うちの若いのが、手痛くやられて、俺のところに泣きついてきた。
「ボス・・・明らかな差があるのに、おいらたちに暴行を加えるんです」
といったしだいだ。聞いたところ、相手は名前のとおったハンターだとか。

ともあれ話をよく聞くと、うちの連中は「盗賊服を着用」していたらしい。
おいおいおい、盗賊服はファッションじゃないんだよ!商人を襲います!ハンターを襲います!

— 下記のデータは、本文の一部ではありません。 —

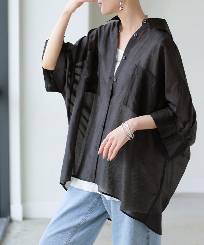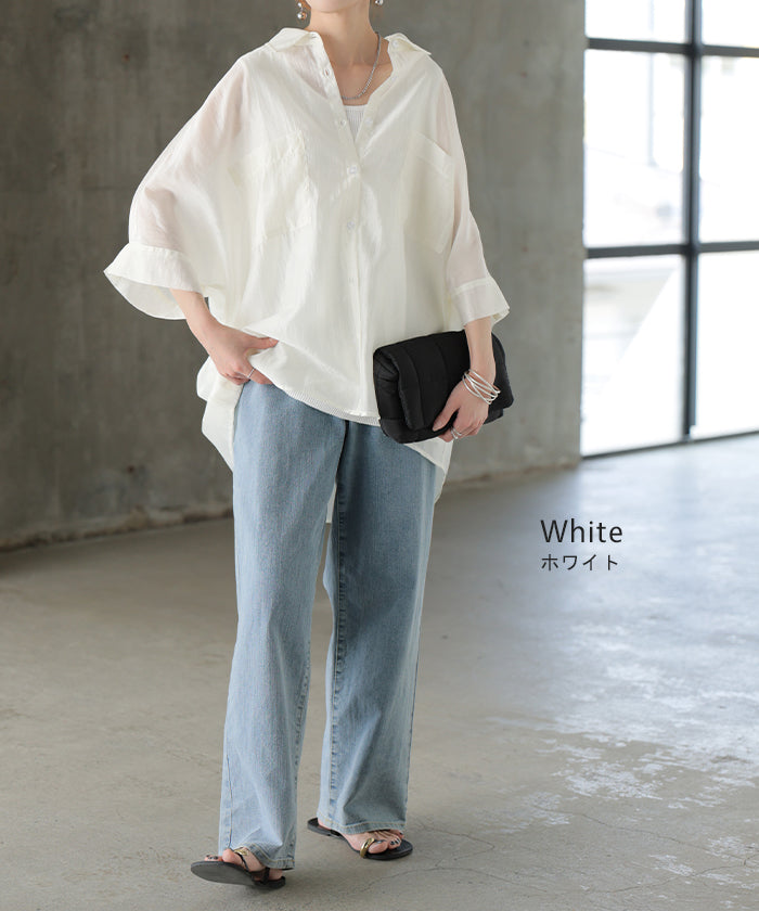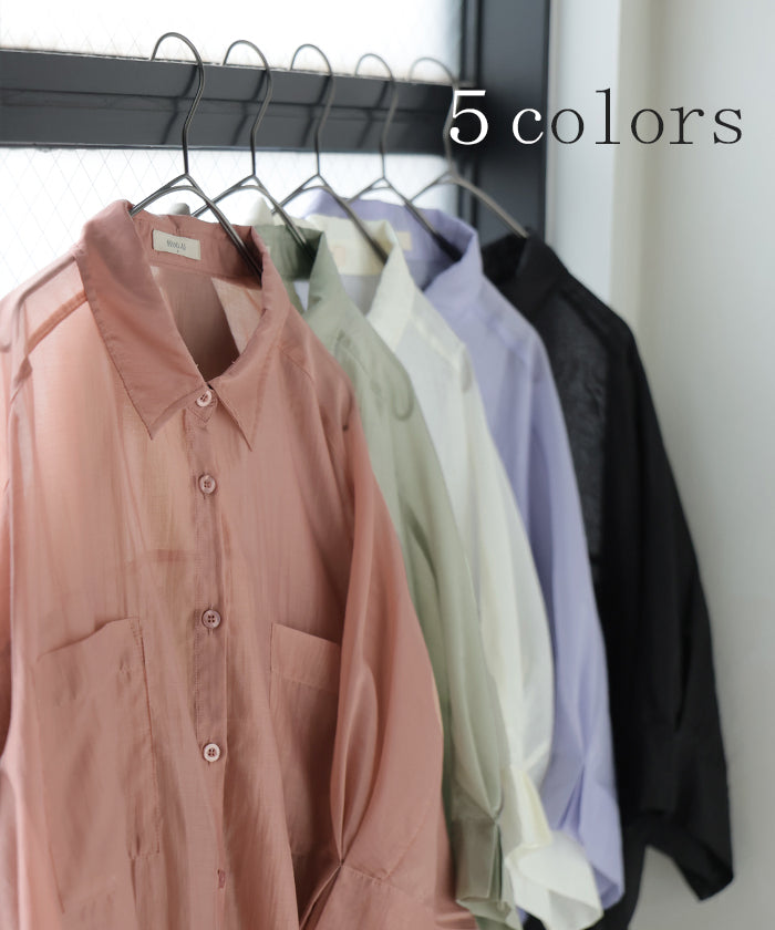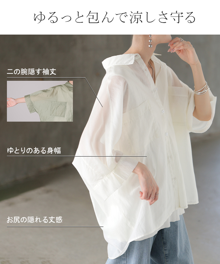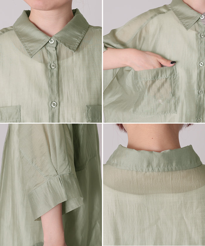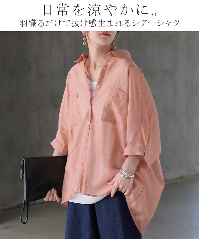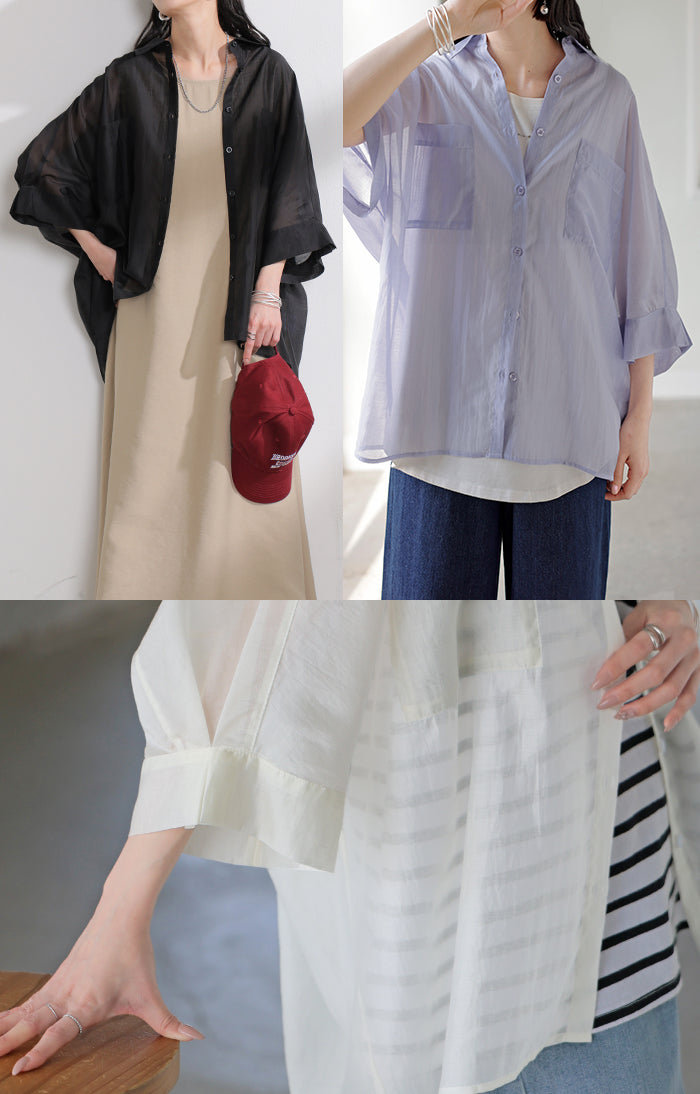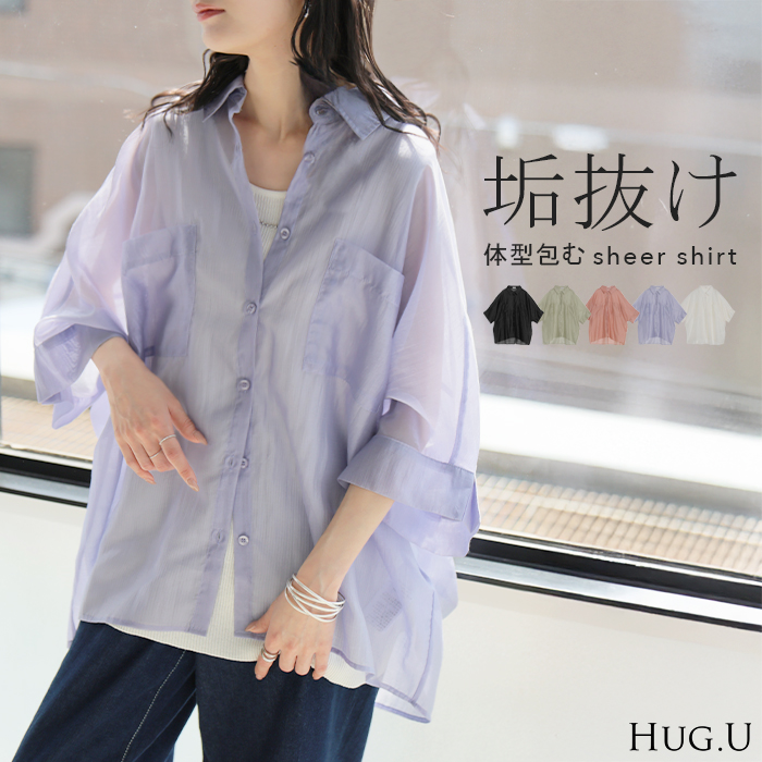 2026SS新作 シャツ シアー ブラウス ■5月中旬入荷 レディース トップス ロング アウター シアーシャツ 透け感 バンドカラー 前開き シースルー 軽い 半袖 五分袖 七分袖 羽織 ライトアウター 二の腕カバー 体型カバー お尻が隠れる 大きいサイズ ゆったり きれいめ 黒 白 春 夏 HUG.U メール便

って意思表示なんだよ!盗賊服を着用している以上、ガタガタぬかすなよ!
盗賊がハンターに負ける。ハンターが盗賊に負ける。どこに泣き言が入る余地があるんだ?!
次の日あいつらは、また、盗賊服を着てたよ。

・変わったのは俺じゃなくて、オマエたちさ、って言えなかったよ。
朝までずっと、港で商人が通るのを待つんだ。いつもいつも来るわけじゃねぇからな、

待ってるとき暇で、みんなそれぞれ星に夢をひっかけたんだ。家族をもちたいってね。

小さいかもしれないけど、当時の俺たちには、銀河系の向こうよりも遠く感じたよ。
それから、幾年かして、たまたま、敦煌の町でみかけたんだ、旧友を。靴磨きをしてんだよ。

靴墨で顔が真っ黒だったけど、俺はすぐにわかったよ。向こうはきづいたのかな?

わかんねーけど、まいどって、作り笑いだけ見えた。俺たちは生きてんだなぁって思ったよ。